# HAPPY THANKSGIVING!!



## taxidermist (Sep 11, 2007)

Happy Thanksgiving to all of you and may your day be filled with love and joy! 


I have so much to be thankful for and the best Family one could ask for.


----------



## backcountry (May 19, 2016)

Happy Thanksgiving folks. Hope folks are healthy and happy and have plenty of reasons to be grateful!


----------



## wyogoob (Sep 7, 2007)

Gobble, gobble, gobble
Happy Thanksgiving!


----------



## Brettski7 (May 11, 2020)

Happy thanksgiving kinda of late though. Had a great feast with the neighbors. 

Made Turkey schnitzel for breakfast from the Turkey I killed a couple weeks ago with fried eggs on top. Smoked a Turkey on the pellet grill and nailed it. And roasted another in the Turkey toaster. Me an wife had a competition. Made my moms chocolate pie and my grandmas butterscotch pie. 

Sent from my iPhone using Tapatalk


----------



## 2full (Apr 8, 2010)

Was a good Turkey day for us, I hope it was good for everyone !!
The Montana crew showed up.....haven't seen them for a while. 
Our daughter got homesick, and "had" to come home. Got to see my red head grand daughters. 
We have been being careful......
It only put us one over the 10 person gathering "rule" 

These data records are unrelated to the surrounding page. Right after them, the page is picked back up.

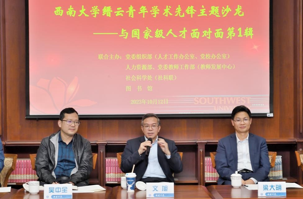 文旭教授结合自身经历分享了成长感悟。他认为,为学之基是做人,为学先为人,教师要不断提升自身思想道德修养;其次,为学要有真兴趣,要研究真问题,结合国家战略需求,推动构建中国特色哲学社会科学学科体系、学术体系、话语体系;再次,为学之本在于创新,要以理论创新为先导、方法创新为重点、观点创新为支撑,学会以跨学科、多学科、超学科的眼光做研究;最后,他勉励新进教师要坚守对学术的热爱与追求,持之以恒,潜心科研,脚踏实地创造成果,为学校、学术界、国家的发展贡献出自己的力量。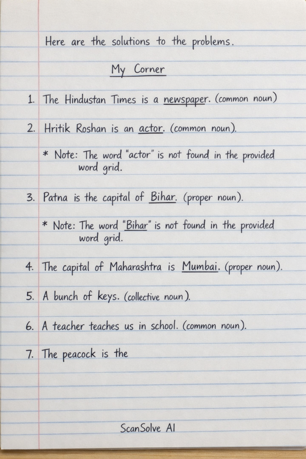 4. The capital of Maharashtra is Mumbai. (proper noun)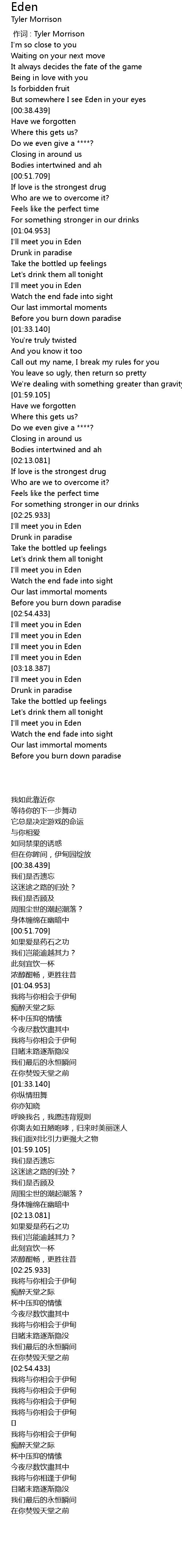 | [00:33.972] | But somewhere I see Eden in your eyes |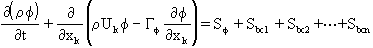In PHOENICS, boundary conditions and sources appear on the r.h.s. of the differential equation for a variable f. Thus: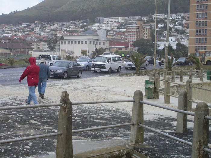 It is called Cappuccino coast. Because it doesn’t occur very often, you are a lucky one to see these pictures taken in Cape Town, as Cappuccino was brought to its shores by the strongest storm. This thick foam in the ocean appears when salt water interacts with the decomposition products of underwater living creatures, and everything is churned up together by powerful currents which cause the water to form bubbles.

My wife and I had a little competition as well. 
She baked the turkey in an oven bag, and I smoked a ham in the smoker. 
I made my own glaze and basted every 45 minutes. 

Even she admits ........I won. The ham was marvelous :mrgreen:
The turkey was good, but the ham was hit hard by the crowd !!

Was a good day for sure.


----------



## alaska (Mar 22, 2020)

When you fill-up on snacks, and then they bring out Turkey and stuffing :mrgreen:


----------